Hikmet hoca kısa bir girizgah ve gurur okşayan bir tebriğin ardından arama sebebini ifade ediyor: ”Sorduğun sorular ve Horry’nin cevapları, bizim sporculara anlatmak isteyip de zorlandığımız şeyler.”

Sporcular
Robert Horry’i 2014’te Istanbul’da oynanacak Fenerbahçe Ülker – San Antonio Spurs maçının lansman sürecinde ağırlamıştık.
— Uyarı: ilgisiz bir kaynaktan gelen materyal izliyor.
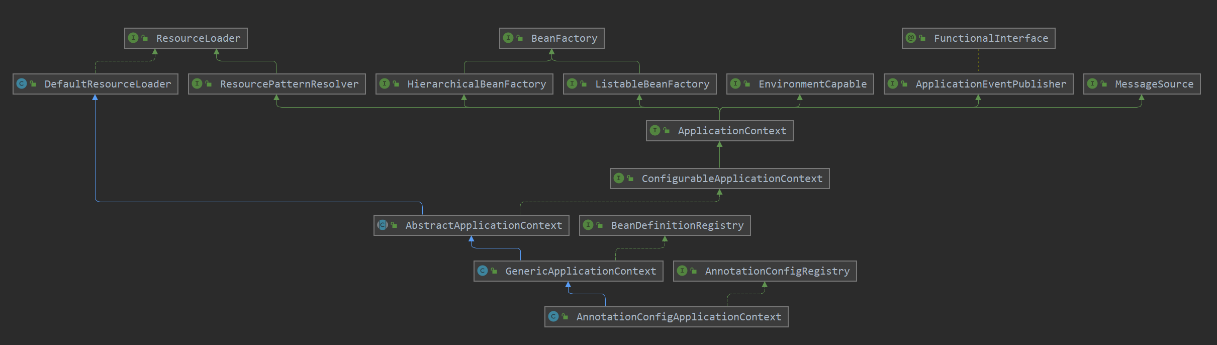 AnnotationConfigApplicationContext构造方法中几乎完成了Spring容器的所有工作:配置文件和配置类的读取,创建BeanDefinition、创建bean实例...

Merak edenler için o röportajın internet baskısı burada ancak maalesef buradaki içerik olarak çok kısıtlı. Tüm sayfayı kaplayan o esaslı sohbetin (görselde) derinliklerinde, Horry’nin daha ziyade sporcular arası rekabeti radikal bir üslupla irdelediği sıkı çıkışları vardı. O dönemde bugünkü adıyla Basketbol Süper Ligi (BSL) için güncel ve popüler bir tartışma konusu olan yabancı sınırının kaldırılması hususu gündemdeydi ve sanırım Hikmet Hoca da Big Shot Rob’ın bu konuyla ilgili ”Pasaportuna bakılmaz, daha iyi olan formayı alır’’ minvalindeki sözlerinden bahsediyordu.

Obradovic demişti ki…

Boğazın diğer yakası… İki hafta kadar önce Zeljko Obradovic, İzzet Türkyılmaz’ın da formasını giydiği Fenerbahçe’deki ilk EuroLeague sezonunu, iç sahada alınan korkunç bir Milano yenilgisi ile Top 16’da elenerek tamamlamış. İlk kez çalıştığı Türkiye ve Türk sporcular ile ilgili muhakkak derinlemesine bilgi ve fikirleri var ancak onların sıklıkla yer aldığı bir çevrede çalışma tecrübesini ilk kez yaşadığı bir sezonu geride bırakıyor. Fenerbahçe’yi deyim yerindeyse kafasına vura vura üst üste beş sezon EuroLeague Final Four’a götürecek o hızlı ve öfkeli ZOC’nin fitili, o gece 82-73 kaybedilen o maçla birlikte ateşlenmiş. (Bu arada o gece absürt skeç tadında bir şey yaşandı, merak edenler. yazının sonunda bonus kısmından okuyabilirler.)

Sporcular
‘’Bir gün yeniden bu formayı giymek, bu taraftarın önünde, bu salonda bu maçlara çıkabilmek için her şeylerini verecek ancak ne yaparlarsa yapsınlar bunu geri getiremeyecekler.’’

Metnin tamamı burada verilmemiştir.